DATA RECORDS
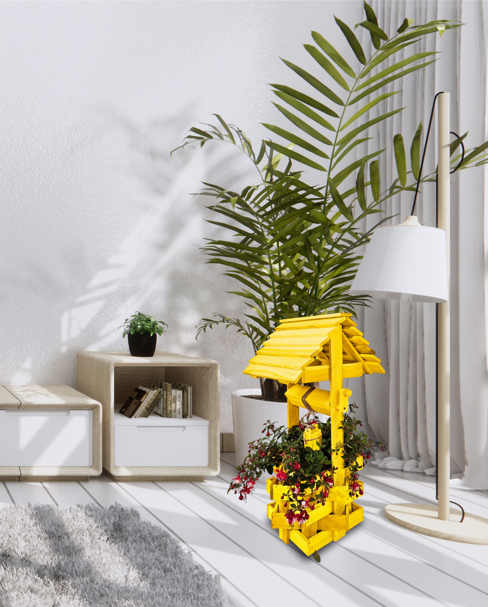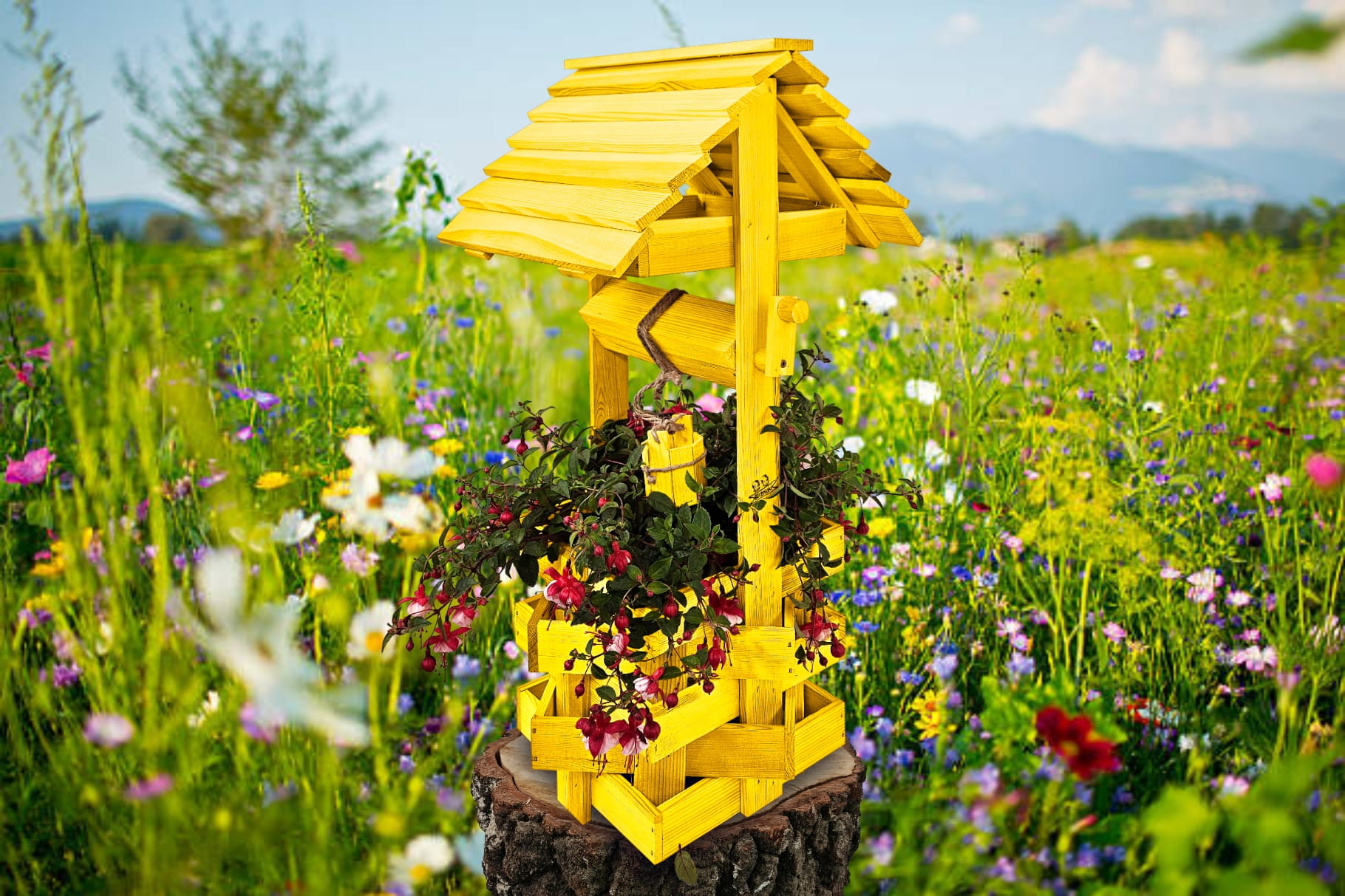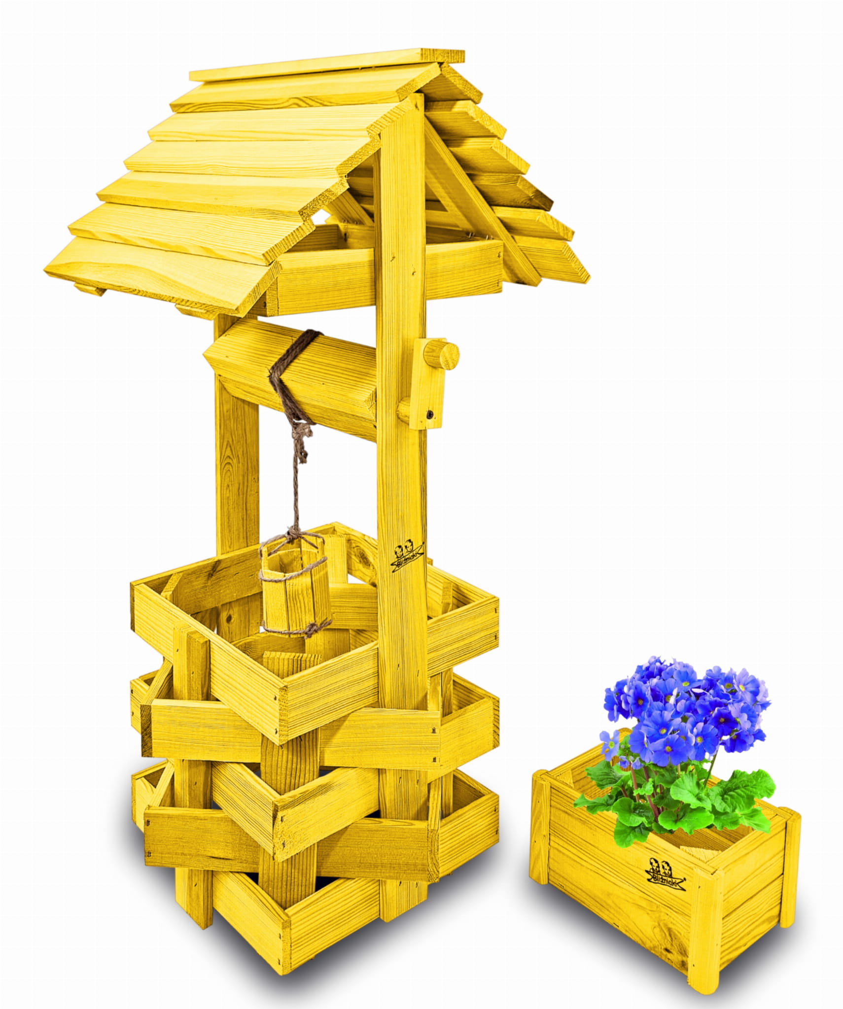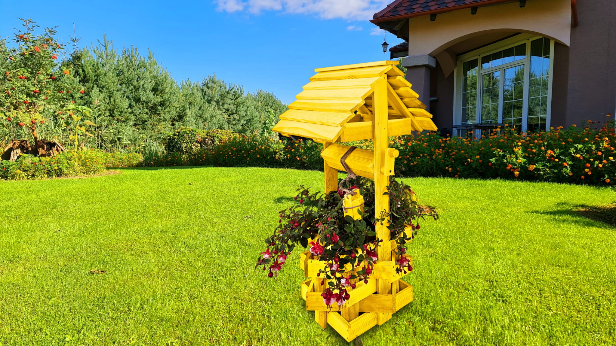 Studnia Drewniana 80 cm Ozdobna ogrodowa Kolor ŻÓŁTY Donica na kwiaty do Domu i Ogrodu Studnie Balkonowe Tarasowe Studzienka na peralgonie Kwietnik doniczki Prezent Studzienki ozdobne SC1 ZB
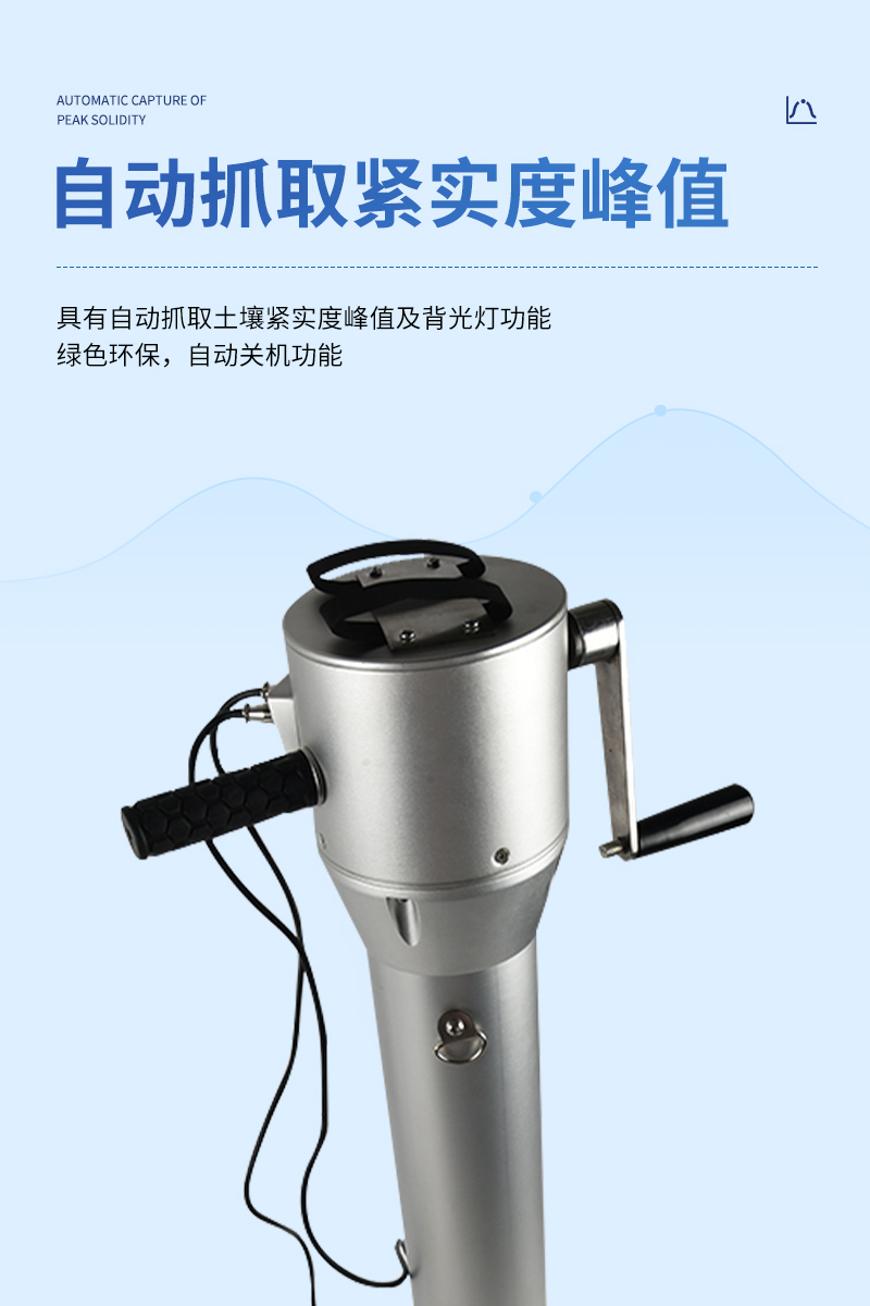 具有自動(dòng)抓取土壤緊實(shí)度峰值及背光燈功能,綠色環(huán)保,自動(dòng)關(guān)機(jī)功能。
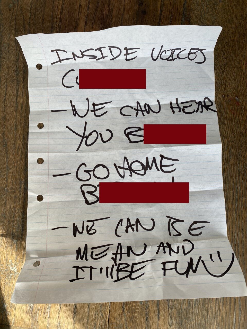 The note said “inside voices c***s – we can hear you b***h – go home b***h – we can be mean and it’ll be fun.”
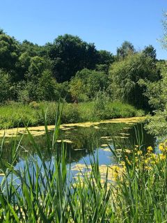 Напротив расположен красивый пруд,
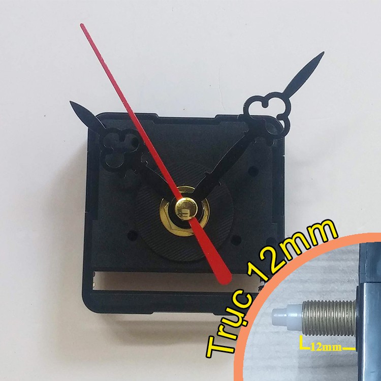 Bộ kim đen 6cm và Máy đồng hồ treo tường Taiwan loại tốt - Kim trôi trục 12mm
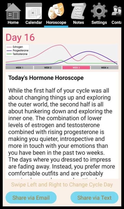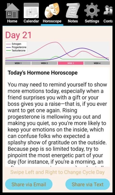 Hormonology ® aplikasi yang menunjukkan wanita yang mereka suasana hati, energi, kehidupan cinta, kesehatan dan akan lebih banyak lagi setiap hari hanya berdasarkan mana mereka berada dalam siklus bulanan mereka
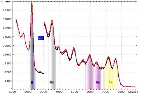 Распределение по амплитуде электрических импульсов или линий называется спектром. Например, на ядрах углерода образуются гамма-кванты с энергией 4.43 МЭВ, на ядрах кислорода – с энергией 6,13 МЭВ.
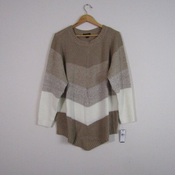 Alyx Colorblock Sweater 1X Tan Asymmetrical Knit Cozy Shimmer Normcore Casual
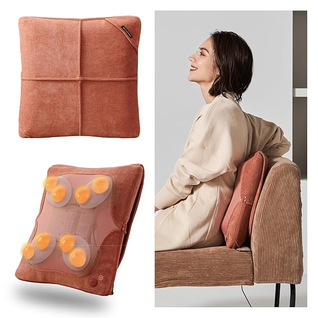 【その他機能】電源ボタンが凸になり、手探りでの使いやすさを向上。押し間違いにくく、すっきりしたフォルムになりました。ヒーター内臓であたためながらマッサージが可能。持ち運びに便利な取っ手付き。クッションカバーは取り外して洗濯可能。約15分で停止するオフタイマー付き。
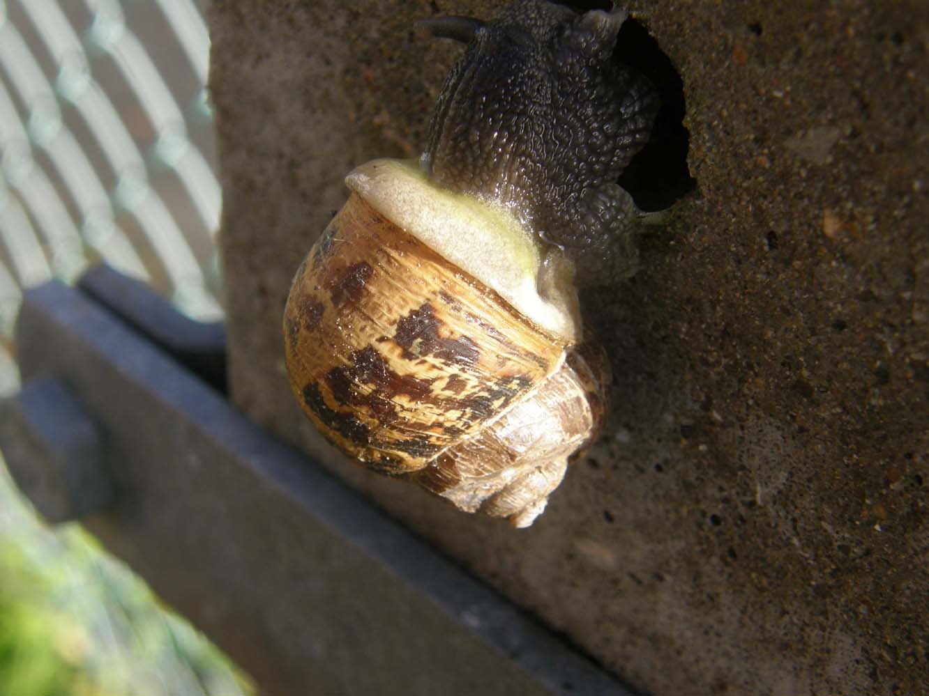 No, questa è invece Helix pomatia con distribuzione più limitata all'arco Alpino e al centro Europa e spesso raggiunge quote più elevate. La H. pomatia si distingue per essere generalmente più grande e per avere una colorazione marrone più uniforme. A volte anche Cornu aspersum ha una colorazione uniforme ma tendenzialmente verso il giallo.

TASK INSTRUCTIONS
Only the wording of the records is wanted: copy it all exactly and omit the pictures.

RESPONSE TO THIS EXERCISE
 Studnia Drewniana 80 cm Ozdobna ogrodowa Kolor ŻÓŁTY Donica na kwiaty do Domu i Ogrodu Studnie Balkonowe Tarasowe Studzienka na peralgonie Kwietnik doniczki Prezent Studzienki ozdobne SC1 ZB
 具有自動(dòng)抓取土壤緊實(shí)度峰值及背光燈功能,綠色環(huán)保,自動(dòng)關(guān)機(jī)功能。
 The note said “inside voices c***s – we can hear you b***h – go home b***h – we can be mean and it’ll be fun.”
 Напротив расположен красивый пруд,
 Bộ kim đen 6cm và Máy đồng hồ treo tường Taiwan loại tốt - Kim trôi trục 12mm
 Hormonology ® aplikasi yang menunjukkan wanita yang mereka suasana hati, energi, kehidupan cinta, kesehatan dan akan lebih banyak lagi setiap hari hanya berdasarkan mana mereka berada dalam siklus bulanan mereka
 Распределение по амплитуде электрических импульсов или линий называется спектром. Например, на ядрах углерода образуются гамма-кванты с энергией 4.43 МЭВ, на ядрах кислорода – с энергией 6,13 МЭВ.
 Alyx Colorblock Sweater 1X Tan Asymmetrical Knit Cozy Shimmer Normcore Casual
 【その他機能】電源ボタンが凸になり、手探りでの使いやすさを向上。押し間違いにくく、すっきりしたフォルムになりました。ヒーター内臓であたためながらマッサージが可能。持ち運びに便利な取っ手付き。クッションカバーは取り外して洗濯可能。約15分で停止するオフタイマー付き。
 No, questa è invece Helix pomatia con distribuzione più limitata all'arco Alpino e al centro Europa e spesso raggiunge quote più elevate. La H. pomatia si distingue per essere generalmente più grande e per avere una colorazione marrone più uniforme. A volte anche Cornu aspersum ha una colorazione uniforme ma tendenzialmente verso il giallo.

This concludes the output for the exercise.